Inflammatory bowel disease (IBD) is associated with a 2.5-fold increase of venous thromboembolism (VTE), a 1.2-fold increased risk of atherosclerotic cardiovascular disease (ASCVD), and a 2-fold increased risk of heart failure (HF), according to a literature review study published in Therapeutic Advances in Gastroenterology.
The researchers uncovered the data related to the link between IBD and VTE in two meta-analyses of case-control studies, prospective cohort studies and population-based control studies.
Specifically, most VTE cases (around 90%) concern deep venous thrombosis [DVT; relative risk (RR)=2.42; 95% confidence interval (95% CI), 1.78–3.30] or pulmonary embolism (PE; RR=2.53; 95% CI, 1.95–3.28). In the remaining 10% of VTE cases, they noted, other locations are affected, such as the mesenteric and cerebral veins. Analysis shows that the risk recurrent VTE within five years after discontinuation of coagulation therapy is higher among IBD patients compared to the general population (33.4% versus 21.7%, respectively; p = 0.010).
“Noteworthy, half of IBD patients had active disease at time of recurrent VTE. These data indicate that thromboprophylaxis may be considered during flares in IBD patients with a history of VTE,” the researchers wrote.
Regarding risk factors for ASCVD in IBD, the relative risk of cerebrovascular disease (CeVD) is more pronounced in women, and patients below the age of 40. A potential explanation, the researchers postulated, might be the greater contribution of chronic inflammation in the pathogenesis of ASCVD in women as compared with men.
“The increased ASCVD risk in IBD patients is not fully explained by an increased prevalence of traditional risk factors, according to available data. A large population study showed no increase in the traditional cardiovascular risk factors in IBD patients as compared with the general population,” the researchers wrote.

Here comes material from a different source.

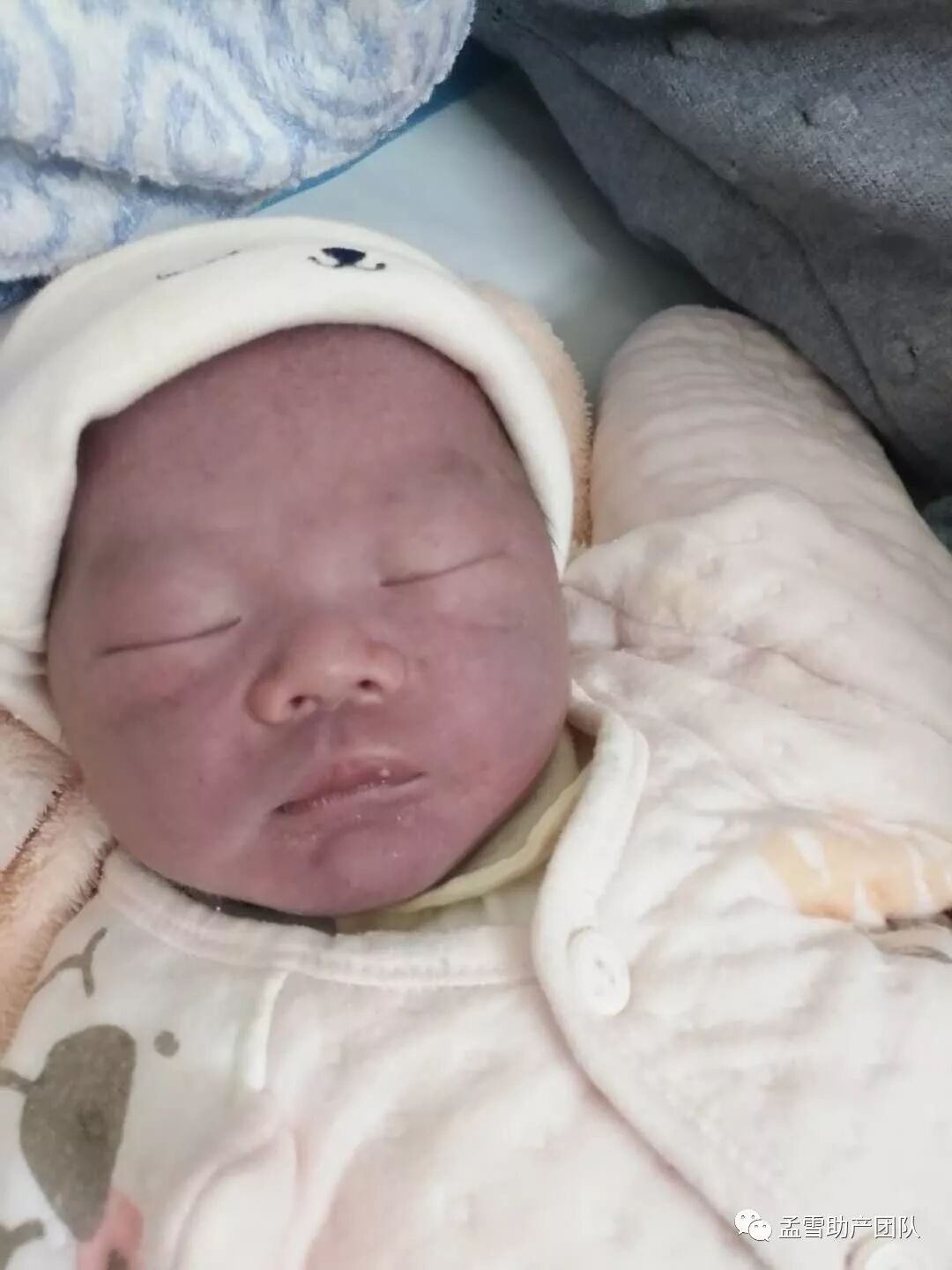 羊水清澈的宝宝,脸色紫色,身体粉色,口唇红色

Pertaining to HF, the researchers cited a large Danish population study that demonstrated that IBD patients with disease flares and persistent disease activity are 2.5 times more like to be admitted to the hospital due to HF as compared with IBD patients in remission. They noted that risk factors associated with HF were extent of inflammation (colonic disease in CD, pancolitis in UC), female sex, and age exceeding 40 years
“The increased risk of CVD concerns an increased risk of venous thromboembolism (VTE), atherosclerotic cardiovascular disease (ASCVD) and heart failure (HF), at corresponding relative risks of 2.5, 1.2 and 2.0, respectively, as compared with the general population. Especially young patients under the age of 40 years run a relatively high risk of these complications when compared with the general population. Chronic systemic inflammation causes a hypercoagulable state leading to the prothrombotic tendency characteristic of VTE, and accelerates all stages involved during atherogenesis in ASCVD,” the researchers concluded.
They added that “[increased] awareness of VTE risk is warranted in patients with extensive colonic disease in both ulcerative colitis and Crohn’s disease, as well as during hospitalization, especially when patients are scheduled for surgery.”